2. The p = 3105 represents the 3105-th subnet. In other words, p = n = 3105 in case you like to find out how the 3105th /28 subnet range is.
3. From previous note, you can then apply the formula or process within Problem 2 into Problem 1 with the same result. In other words, Problem 2 formula or process is in general form compared to the Problem 1.
5. Convert Dotted 4-Tuple Subnet Mask Format Into CIDR Format
Let's say you have 255.255.192.0 subnet mask. You like to know how the subnet mask looks in CIDR format.
You are using the similar process as in the Class C network with the difference of working on the 3rd octet only where the 1st, 2nd, and 4th octets are constant.
Following are the steps when deals with Class B subnetting:
* Focus only on the 3rd octet
* Set the octet as the last octet of a /24 network subnet mask where 1st, 2nd, and 3rd octets are 255
* Determine IP address quantity within the new /24 network subnet
* Find out n where 2^n = IP address quantity within the subnet
* Subtract 8 by n
* Take the subtraction result as additional set-to-one bits to the 1st 16 bits set to one of the full Class B subnet mask
* Add the total number of bits set to one
* This total number represents the CIDR format
Let's use an illustration to convert the 255.255.192.0 into CIDR format. Focus only on the 3rd octet, which is the192.

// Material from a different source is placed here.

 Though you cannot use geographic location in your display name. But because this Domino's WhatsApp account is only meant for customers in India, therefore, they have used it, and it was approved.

Set the 192 as the last octet of a /24 network subnet mask as 255.255.255.192
When you build up your own table (or memorize it), you know there are 64 IP addresses within 255.255.255.192 subnet mask.
Find out n where 2^n = 64
By simple calculation (and probably some trial and error), you find that n = 6
Recall the previous discussion that in binary format, all the bits within 1st and 2nd octet of Class B network are set to one. Similarly all bits within the last octet are set to zero. Only bits within the 3rd octet are changing. Let's focus on the bits within this 3rd octet.

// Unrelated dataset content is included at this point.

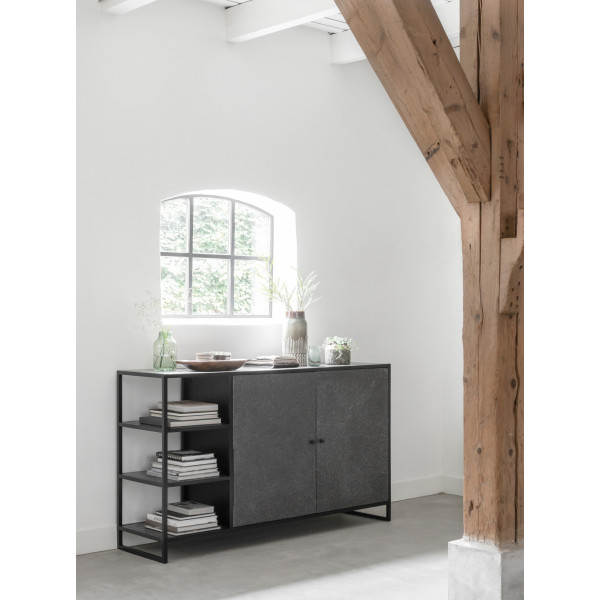 Príborník MUST Living Mont Ventoux má rozmery 150x45x92 cm a má konštrukciu z čierneho kovu. Poličky sú z tmavého čadiča.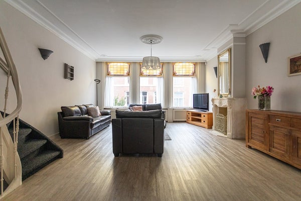 Spacious and bright three-level upper house (approx. 166 m²) with 4 bedrooms and two generous balconies/terraces, located right in the heart of the popular Zeeheldenkwartier. The property is well maintained and offers plenty of living space with a full living floor and two sleeping floors. The neighbourhood is known for its many cosy coffee bars, local shops and restaurants; the city centre, tram connections and schools are just around the corner.

As you know, there are 8 bits within the 3rd octet. In /16 network (the full Class B network), all of those 8 bits within the 3rd octet are set to zero. With the value of n = 6, this means that there are 6 last bits set to zero within the 3rd octet itself.

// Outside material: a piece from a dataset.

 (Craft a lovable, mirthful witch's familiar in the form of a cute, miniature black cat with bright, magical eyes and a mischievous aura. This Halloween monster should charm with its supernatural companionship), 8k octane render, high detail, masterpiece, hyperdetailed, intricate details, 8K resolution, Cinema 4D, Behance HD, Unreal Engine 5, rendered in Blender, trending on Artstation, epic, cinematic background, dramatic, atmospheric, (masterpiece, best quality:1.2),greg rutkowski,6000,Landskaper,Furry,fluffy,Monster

Subtract 8 by 6 to have 2. This 2 represents the remaining 2 bits set to one; which are also the 1st 2 bits within those 8 bits. Take these 2 bits as additional set-to-one bits into the 1st 16 bits of the full Class B subnet mask.
The full Class B subnet mask has the 1st 16 bits set to one. With additional 2 bits set to one, there are total of the 1st 18 bits set to one. Therefore 255.255.192.0 network has the 1st 18 bits set to one (16 + additional 2) where the remaining 14 bits are set to zero.
Since CIDR format bases on the 1st set-to-one bits, the 255.255.192.0 subnet mask is equal to /18 CIDR.